→ **INFORMATION PROVIDED**:
>>>
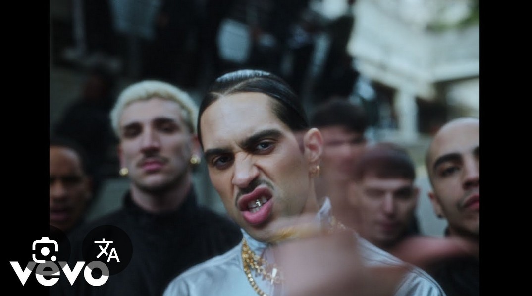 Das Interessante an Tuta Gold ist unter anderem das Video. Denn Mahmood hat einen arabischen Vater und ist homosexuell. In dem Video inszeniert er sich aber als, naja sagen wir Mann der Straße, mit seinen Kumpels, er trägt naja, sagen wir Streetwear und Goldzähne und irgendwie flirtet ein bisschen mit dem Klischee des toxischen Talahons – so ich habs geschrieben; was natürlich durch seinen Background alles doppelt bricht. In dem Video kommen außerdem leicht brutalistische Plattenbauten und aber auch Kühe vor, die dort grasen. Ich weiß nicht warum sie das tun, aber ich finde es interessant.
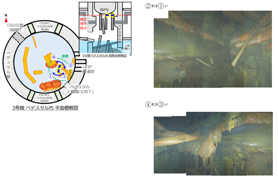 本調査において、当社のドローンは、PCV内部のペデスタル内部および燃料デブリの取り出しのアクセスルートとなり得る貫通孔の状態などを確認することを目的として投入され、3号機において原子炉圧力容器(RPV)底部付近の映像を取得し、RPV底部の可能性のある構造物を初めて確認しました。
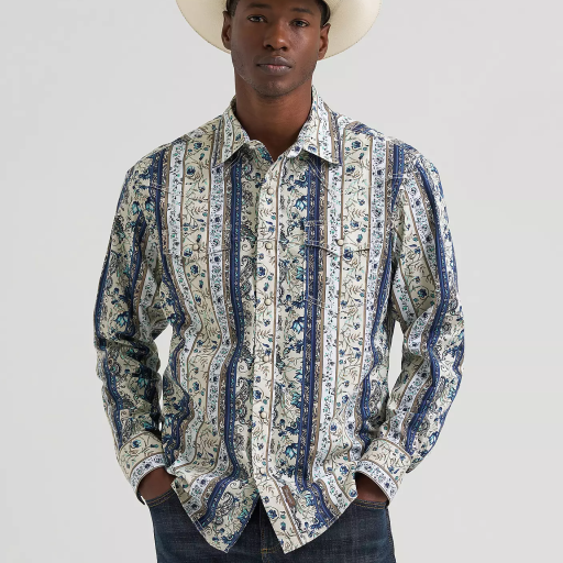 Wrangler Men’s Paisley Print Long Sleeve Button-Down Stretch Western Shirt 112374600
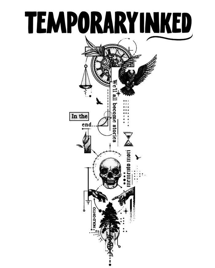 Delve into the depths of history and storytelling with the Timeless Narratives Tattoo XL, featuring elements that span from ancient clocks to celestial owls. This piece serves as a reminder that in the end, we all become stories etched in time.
<<<
>>>
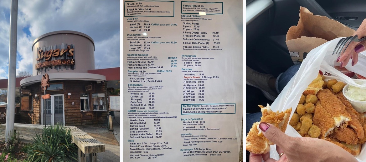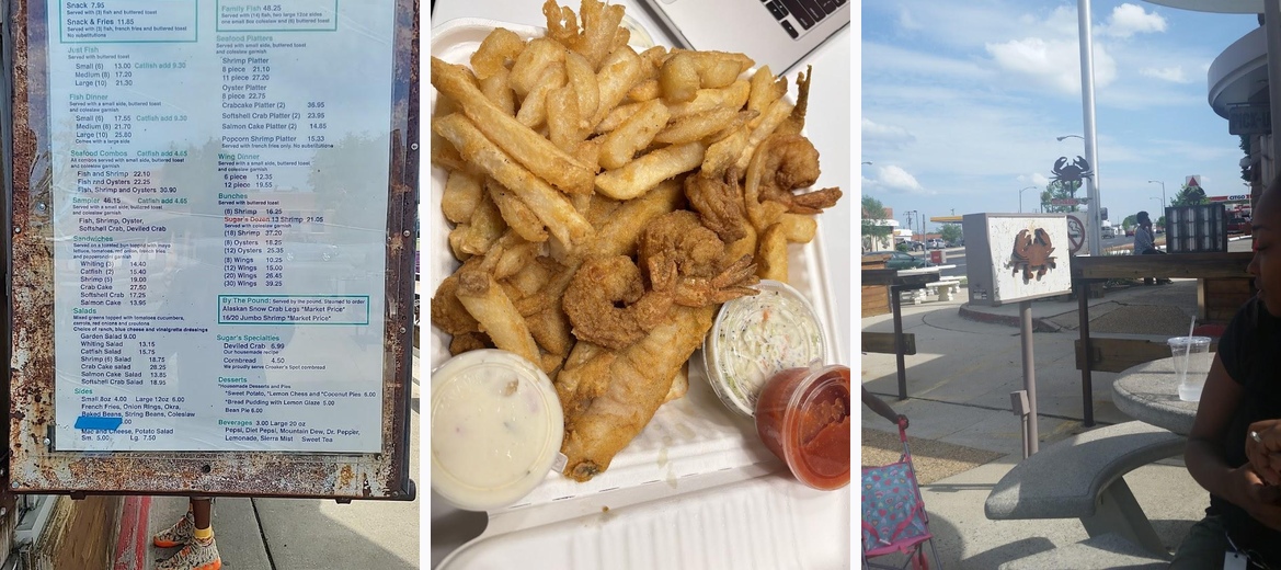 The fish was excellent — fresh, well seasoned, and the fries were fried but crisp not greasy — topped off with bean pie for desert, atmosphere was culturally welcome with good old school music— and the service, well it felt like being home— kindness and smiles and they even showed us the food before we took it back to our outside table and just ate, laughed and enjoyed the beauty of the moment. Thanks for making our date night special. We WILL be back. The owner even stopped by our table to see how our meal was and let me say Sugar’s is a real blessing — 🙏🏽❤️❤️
<<<
Set the pictures aside and retype exactly the lines above from the line with "本調査において、当社のドロー" to the line with "Delve into the", both included, adding no others.

→ **RESPONSE FOR THIS EXERCISE**:
 本調査において、当社のドローンは、PCV内部のペデスタル内部および燃料デブリの取り出しのアクセスルートとなり得る貫通孔の状態などを確認することを目的として投入され、3号機において原子炉圧力容器(RPV)底部付近の映像を取得し、RPV底部の可能性のある構造物を初めて確認しました。
 Wrangler Men’s Paisley Print Long Sleeve Button-Down Stretch Western Shirt 112374600
 Delve into the depths of history and storytelling with the Timeless Narratives Tattoo XL, featuring elements that span from ancient clocks to celestial owls. This piece serves as a reminder that in the end, we all become stories etched in time.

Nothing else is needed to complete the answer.